Bruce Lee with his favorite onscreen weapon.

 

***I am off visiting family over the holiday weekend, so we are headed back to the archives. Since our (American) readers have just celebrated Thanksgiving, I though it would be appropriate to revisit an essay that asks what we should be grateful for as martial artists and students of martial arts studies.  Spoiler alert, the answer is Bruce Lee.***


Introduction: Bruce Lee at 75

Yesterday I celebrated Thanksgiving with my family. As is customary on this day of remembrance I took a few moments to think about the last year and review the many things that I had to be grateful for. The year has been an eventful one.

In the professional realm I had a book published on the social history of the southern Chinese martial arts. I also delivered a keynote address at the first annual martial arts studies conference in the UK and, just recently, saw the publication of the first issue of our new journal on that same topic. I have had opportunities to meet and share my interests with all sorts of fascinating people from all over the world, and have started a number of other projects that should be bearing fruit months and years down the road.
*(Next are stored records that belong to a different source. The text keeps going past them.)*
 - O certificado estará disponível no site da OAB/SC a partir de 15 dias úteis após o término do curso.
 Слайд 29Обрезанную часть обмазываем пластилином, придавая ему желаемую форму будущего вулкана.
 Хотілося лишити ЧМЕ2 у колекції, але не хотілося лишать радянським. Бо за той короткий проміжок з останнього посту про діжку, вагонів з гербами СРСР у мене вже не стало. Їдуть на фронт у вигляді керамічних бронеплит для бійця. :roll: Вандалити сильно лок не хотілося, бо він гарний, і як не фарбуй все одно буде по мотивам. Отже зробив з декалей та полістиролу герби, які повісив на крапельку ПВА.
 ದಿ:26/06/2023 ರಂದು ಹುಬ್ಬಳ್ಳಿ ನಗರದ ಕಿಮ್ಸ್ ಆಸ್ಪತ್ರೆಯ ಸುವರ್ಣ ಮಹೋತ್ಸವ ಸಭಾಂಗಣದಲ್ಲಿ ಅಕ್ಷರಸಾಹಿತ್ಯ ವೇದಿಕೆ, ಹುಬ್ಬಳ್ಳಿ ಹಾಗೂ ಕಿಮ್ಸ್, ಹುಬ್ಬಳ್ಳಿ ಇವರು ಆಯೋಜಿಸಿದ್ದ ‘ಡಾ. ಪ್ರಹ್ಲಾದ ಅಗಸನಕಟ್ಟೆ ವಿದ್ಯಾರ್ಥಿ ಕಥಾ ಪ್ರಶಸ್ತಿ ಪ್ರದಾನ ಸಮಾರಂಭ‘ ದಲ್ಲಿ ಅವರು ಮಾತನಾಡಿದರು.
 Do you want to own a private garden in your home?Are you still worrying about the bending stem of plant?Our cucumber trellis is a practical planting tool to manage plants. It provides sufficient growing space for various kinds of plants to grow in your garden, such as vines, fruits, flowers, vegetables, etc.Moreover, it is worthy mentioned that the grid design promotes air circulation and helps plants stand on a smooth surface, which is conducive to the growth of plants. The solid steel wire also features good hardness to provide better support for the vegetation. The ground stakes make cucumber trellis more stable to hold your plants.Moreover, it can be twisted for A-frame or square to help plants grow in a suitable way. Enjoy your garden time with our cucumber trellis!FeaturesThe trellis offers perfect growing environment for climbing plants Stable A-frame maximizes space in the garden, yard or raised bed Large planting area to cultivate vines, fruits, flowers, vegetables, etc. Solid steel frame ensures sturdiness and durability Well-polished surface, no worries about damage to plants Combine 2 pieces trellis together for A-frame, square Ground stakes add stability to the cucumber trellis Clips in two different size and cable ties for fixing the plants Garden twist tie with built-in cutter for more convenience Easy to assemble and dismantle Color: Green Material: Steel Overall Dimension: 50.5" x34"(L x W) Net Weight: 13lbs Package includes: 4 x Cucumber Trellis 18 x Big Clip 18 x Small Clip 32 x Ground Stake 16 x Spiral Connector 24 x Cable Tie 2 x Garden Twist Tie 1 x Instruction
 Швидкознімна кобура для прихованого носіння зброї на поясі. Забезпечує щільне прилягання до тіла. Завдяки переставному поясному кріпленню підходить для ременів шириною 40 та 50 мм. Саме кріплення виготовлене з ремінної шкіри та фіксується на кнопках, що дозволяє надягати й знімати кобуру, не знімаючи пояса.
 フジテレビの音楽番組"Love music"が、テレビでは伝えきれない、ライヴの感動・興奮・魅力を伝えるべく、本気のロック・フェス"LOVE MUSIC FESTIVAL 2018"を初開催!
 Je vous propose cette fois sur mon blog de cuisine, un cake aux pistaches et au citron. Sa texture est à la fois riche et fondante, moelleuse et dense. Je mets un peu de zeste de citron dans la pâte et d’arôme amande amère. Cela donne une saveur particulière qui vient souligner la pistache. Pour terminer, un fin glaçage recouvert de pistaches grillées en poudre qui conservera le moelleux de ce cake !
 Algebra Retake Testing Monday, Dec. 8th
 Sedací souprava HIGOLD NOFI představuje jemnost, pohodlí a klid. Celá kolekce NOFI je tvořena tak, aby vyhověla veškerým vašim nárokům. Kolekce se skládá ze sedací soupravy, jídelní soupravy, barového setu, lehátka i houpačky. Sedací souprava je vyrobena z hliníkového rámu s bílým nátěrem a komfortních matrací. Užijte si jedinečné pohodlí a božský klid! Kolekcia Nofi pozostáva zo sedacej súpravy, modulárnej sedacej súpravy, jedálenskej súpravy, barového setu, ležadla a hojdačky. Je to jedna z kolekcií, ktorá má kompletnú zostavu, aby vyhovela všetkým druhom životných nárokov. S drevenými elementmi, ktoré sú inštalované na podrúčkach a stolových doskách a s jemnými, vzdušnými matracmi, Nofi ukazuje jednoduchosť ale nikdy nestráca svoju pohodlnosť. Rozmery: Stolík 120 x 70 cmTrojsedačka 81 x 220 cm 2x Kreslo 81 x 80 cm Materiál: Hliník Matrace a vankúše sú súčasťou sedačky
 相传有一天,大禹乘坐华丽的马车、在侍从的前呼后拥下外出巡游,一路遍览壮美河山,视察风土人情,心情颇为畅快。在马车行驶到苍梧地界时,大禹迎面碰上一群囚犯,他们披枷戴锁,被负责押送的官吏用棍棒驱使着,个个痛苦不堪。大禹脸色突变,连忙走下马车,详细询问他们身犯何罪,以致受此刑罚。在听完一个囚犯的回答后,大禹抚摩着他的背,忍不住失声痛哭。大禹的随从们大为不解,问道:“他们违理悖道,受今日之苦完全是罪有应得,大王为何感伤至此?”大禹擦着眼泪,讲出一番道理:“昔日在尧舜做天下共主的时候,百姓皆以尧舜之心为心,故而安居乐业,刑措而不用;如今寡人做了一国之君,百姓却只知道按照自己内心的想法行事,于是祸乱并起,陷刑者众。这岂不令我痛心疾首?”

As the old Chinese saying goes, a wise man thinks of the source of the water that he drinks, and as I did so it occurred to me that I owe a profound debt of gratitude to Bruce Lee.

Today is the 75th anniversary of Lee’s birth in San Francisco. Born in California and raised in Hong Kong before returning to the West Coast at the end of the 1950s, Lee had a profound effect on the worlds of film, popular culture and the martial arts. While many claims about his career are exaggerated (one should treat with a certain degree of suspicion any assertion that someone was the “first” to do anything) there can be no doubt as to his ultimate impact on the public perception of the martial arts in America, as well as their rapid spread and popularization in the post-1970 era.

For anyone wondering what the point of Kung Fu was, Lee had a very specific answer. It combined a laser like focus on the problems of practical self-defense with a need to find personal and philosophical meaning in practice.

Like others who came before him, Lee argued that the martial arts were ultimately a means of self-creation. Yet drawing on the counter-cultural currents of the time he freed this discourse from the ideological chains that had linked such quests with ethno-nationalist projects for much of the 20th century. He instead placed the individual student at the center of the process. For Lee the martial arts went beyond the normal paradigms of personal security and self improvement and became a means of self actualization.

His own image on the silver screen promised that through these disciplines and their philosophies one could craft a “new self,” one that was fully fit for the challenges of an age of global competition and strife. It was promised that this “new self” would grow out of the process of self expression which the martial arts facilitated. Of course one had to first understand the true nature of these systems to free oneself from their stultifying structures. Individuals might agree or disagree (sometimes violently) with Lee’s assertions, but its hard to underestimate the impact that he had on the ways in which the martial arts are discussed in the West today.

Does this mean that in the absence of Bruce Lee I would not have written my book, or that we would not currently be reading a blog about martial arts studies? Ultimately those sorts of counterfactuals are impossible to answer, and they may cause more confusion than light. Japanese teachers had been promoting their arts in the West since the dawn of the 20th century. Sophia Delza knew nothing of Bruce Lee when she introduced Wu style Taijiquan to New York City. And the Korean government’s heavy support and promotion of Taekwondo had more to do with their own post-colonial struggles with the memory of the Japanese occupation than anything that came out of China.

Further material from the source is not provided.